## TASK ITEM
A word-for-word copy of the listing is what's needed; leave out every image.

## DATASET EXTRACT
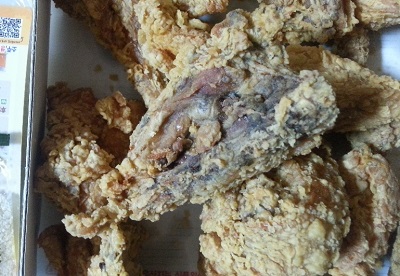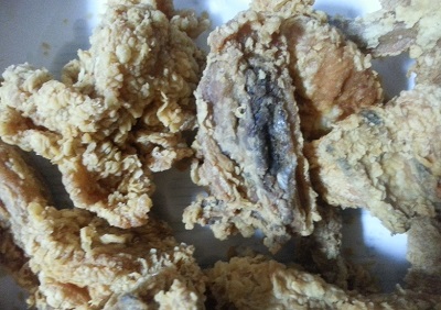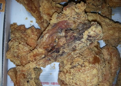 배달된 치킨 조각 중 일부가 곰팡이가 핀것처럼 거무스름한 빛을 띄고 있었던 것.
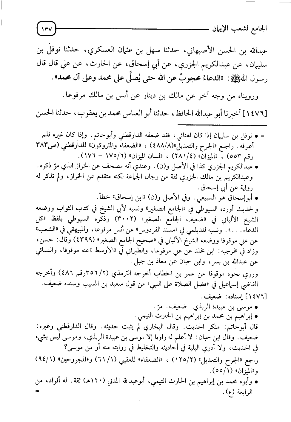 1476 - أَخْبَرَنَا أَبُو عَبْدِ اللهِ الْحَافِظُ، حدثنا أَبُو الْعَبَّاسِ مُحَمَّدُ بْنُ يَعْقُوبَ، حدثنا الْحَسَنُ -[138]- بْنُ عَلِيِّ بْنِ عَفَّانَ، حدثنا زَيْدُ بْنُ الْحُبَابِ، حدثنا مُوسَى بْنُ عُبَيْدَةَ الرَّبَذِيُّ، حَدَّثَنِي إِبْرَاهِيمُ بْنُ مُحَمَّدِ بْنِ إِبْرَاهِيمَ التَّيْمِيُّ وَكَانَ جَدُّهُ مِنَ الْمُهَاجِرِينَ الْأَوَّلِينَ، عَنْ أَبِيهِ، عَنْ جَابِرِ بْنِ عَبْدِ اللهِ الْأَنْصَارِيِّ، قَالَ: قَالَ رَسُولُ اللهِ صَلَّى اللَّهُ عَلَيْهِ وَسَلَّمَ: " §لَا تَجْعَلُونِي كَقَدَحِ الرَّاكِبِ، إِنَّ الرَّاكِبَ يَمْلَأُ قَدَحَهُ مَاءً ثُمَّ يَضَعُهُ، ثُمَّ يَأْخُذُ فِي مَعَالِيقِهِ حَتَّى إِذَا فَرَغَ جَاءَ إِلَى الْقَدَحِ، فَإِنْ كَانَ لَهُ حَاجَةٌ فِي الشَّرَابِ شَرِبَ، وَإِنْ لَمْ يَكُنْ لَهُ حَاجَةٌ فِي الشَّرَابِ تَوَضَّأَ، فَإِنْ لَمْ يَكُنْ لَهُ حَاجَةٌ فِي الْوُضُوءِ أَهْرَاقَهُ، وَلَكِنِ اجْعَلُونِي فِي أَوَّلِ الدُّعَاءِ وَفِي آخِرِ الدُّعَاءِ "
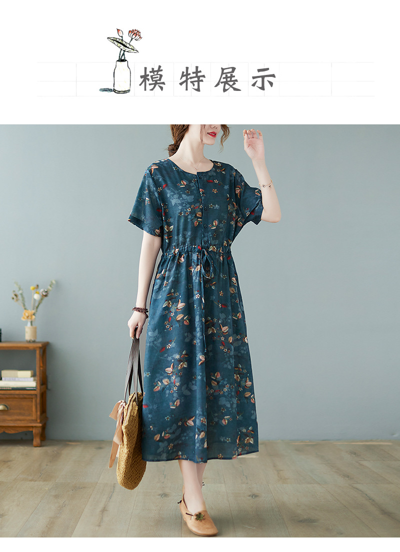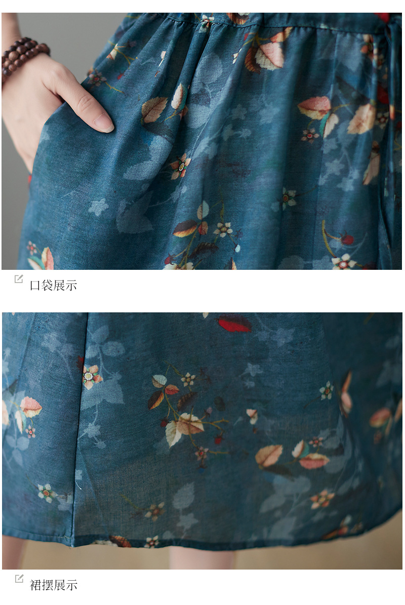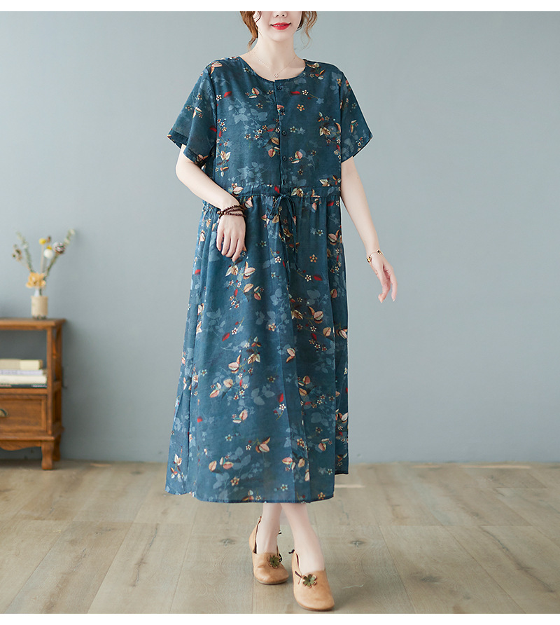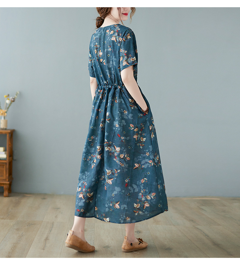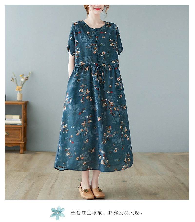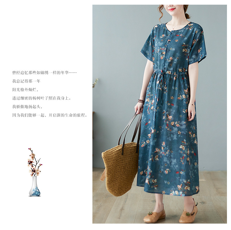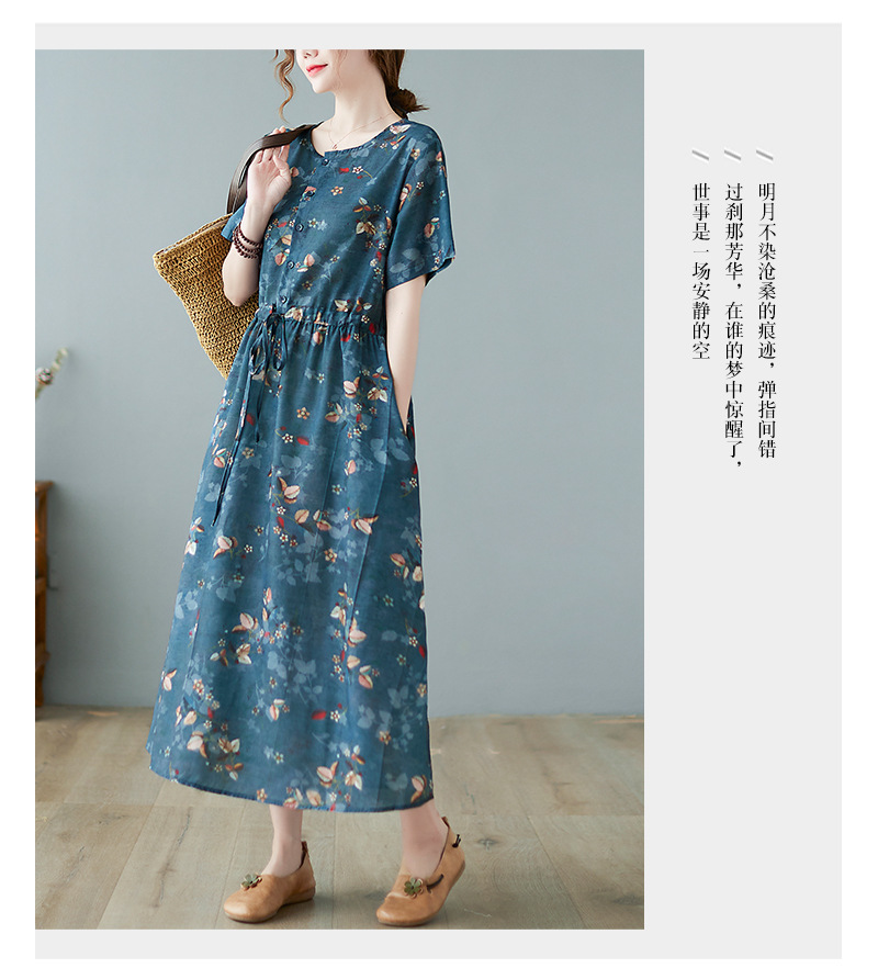 GYH 8369碎花田园风棉麻系带收腰休闲宽松连衣裙

## ANSWER SPACE
 배달된 치킨 조각 중 일부가 곰팡이가 핀것처럼 거무스름한 빛을 띄고 있었던 것.
 1476 - أَخْبَرَنَا أَبُو عَبْدِ اللهِ الْحَافِظُ، حدثنا أَبُو الْعَبَّاسِ مُحَمَّدُ بْنُ يَعْقُوبَ، حدثنا الْحَسَنُ -[138]- بْنُ عَلِيِّ بْنِ عَفَّانَ، حدثنا زَيْدُ بْنُ الْحُبَابِ، حدثنا مُوسَى بْنُ عُبَيْدَةَ الرَّبَذِيُّ، حَدَّثَنِي إِبْرَاهِيمُ بْنُ مُحَمَّدِ بْنِ إِبْرَاهِيمَ التَّيْمِيُّ وَكَانَ جَدُّهُ مِنَ الْمُهَاجِرِينَ الْأَوَّلِينَ، عَنْ أَبِيهِ، عَنْ جَابِرِ بْنِ عَبْدِ اللهِ الْأَنْصَارِيِّ، قَالَ: قَالَ رَسُولُ اللهِ صَلَّى اللَّهُ عَلَيْهِ وَسَلَّمَ: " §لَا تَجْعَلُونِي كَقَدَحِ الرَّاكِبِ، إِنَّ الرَّاكِبَ يَمْلَأُ قَدَحَهُ مَاءً ثُمَّ يَضَعُهُ، ثُمَّ يَأْخُذُ فِي مَعَالِيقِهِ حَتَّى إِذَا فَرَغَ جَاءَ إِلَى الْقَدَحِ، فَإِنْ كَانَ لَهُ حَاجَةٌ فِي الشَّرَابِ شَرِبَ، وَإِنْ لَمْ يَكُنْ لَهُ حَاجَةٌ فِي الشَّرَابِ تَوَضَّأَ، فَإِنْ لَمْ يَكُنْ لَهُ حَاجَةٌ فِي الْوُضُوءِ أَهْرَاقَهُ، وَلَكِنِ اجْعَلُونِي فِي أَوَّلِ الدُّعَاءِ وَفِي آخِرِ الدُّعَاءِ "
 GYH 8369碎花田园风棉麻系带收腰休闲宽松连衣裙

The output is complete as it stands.